• _WHAT YOU SHOULD DO_:
Lines outside the range are not wanted. Give again exactly the lines between the line holding "要解答以上疑惑就须找到该书各" and the line holding "Dünya üzerinde 40-45", inclusive, from the listing below.

• _SUPPLIED INFORMATION_:
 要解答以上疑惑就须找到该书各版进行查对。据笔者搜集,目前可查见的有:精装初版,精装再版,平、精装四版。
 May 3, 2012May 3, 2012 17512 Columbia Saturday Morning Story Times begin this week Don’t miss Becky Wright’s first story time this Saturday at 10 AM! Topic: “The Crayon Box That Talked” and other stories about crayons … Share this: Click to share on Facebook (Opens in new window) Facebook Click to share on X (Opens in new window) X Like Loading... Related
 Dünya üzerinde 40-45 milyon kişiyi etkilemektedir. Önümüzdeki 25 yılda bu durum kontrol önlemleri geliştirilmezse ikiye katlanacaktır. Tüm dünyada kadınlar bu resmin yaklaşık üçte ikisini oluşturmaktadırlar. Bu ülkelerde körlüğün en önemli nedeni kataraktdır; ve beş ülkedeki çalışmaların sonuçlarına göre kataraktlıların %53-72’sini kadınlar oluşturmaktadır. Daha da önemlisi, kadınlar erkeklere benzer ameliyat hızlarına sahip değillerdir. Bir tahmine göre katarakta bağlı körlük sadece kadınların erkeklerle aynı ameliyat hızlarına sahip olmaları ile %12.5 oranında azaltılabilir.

* * *

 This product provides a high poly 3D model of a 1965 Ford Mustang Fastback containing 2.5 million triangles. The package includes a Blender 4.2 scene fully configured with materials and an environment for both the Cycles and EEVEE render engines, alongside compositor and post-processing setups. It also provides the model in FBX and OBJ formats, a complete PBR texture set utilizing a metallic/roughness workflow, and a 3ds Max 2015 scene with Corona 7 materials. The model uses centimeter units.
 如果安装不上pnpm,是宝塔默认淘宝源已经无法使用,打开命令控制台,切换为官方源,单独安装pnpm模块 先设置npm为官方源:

• _ANSWER SPACE_:
 要解答以上疑惑就须找到该书各版进行查对。据笔者搜集,目前可查见的有:精装初版,精装再版,平、精装四版。
 May 3, 2012May 3, 2012 17512 Columbia Saturday Morning Story Times begin this week Don’t miss Becky Wright’s first story time this Saturday at 10 AM! Topic: “The Crayon Box That Talked” and other stories about crayons … Share this: Click to share on Facebook (Opens in new window) Facebook Click to share on X (Opens in new window) X Like Loading... Related
 Dünya üzerinde 40-45 milyon kişiyi etkilemektedir. Önümüzdeki 25 yılda bu durum kontrol önlemleri geliştirilmezse ikiye katlanacaktır. Tüm dünyada kadınlar bu resmin yaklaşık üçte ikisini oluşturmaktadırlar. Bu ülkelerde körlüğün en önemli nedeni kataraktdır; ve beş ülkedeki çalışmaların sonuçlarına göre kataraktlıların %53-72’sini kadınlar oluşturmaktadır. Daha da önemlisi, kadınlar erkeklere benzer ameliyat hızlarına sahip değillerdir. Bir tahmine göre katarakta bağlı körlük sadece kadınların erkeklerle aynı ameliyat hızlarına sahip olmaları ile %12.5 oranında azaltılabilir.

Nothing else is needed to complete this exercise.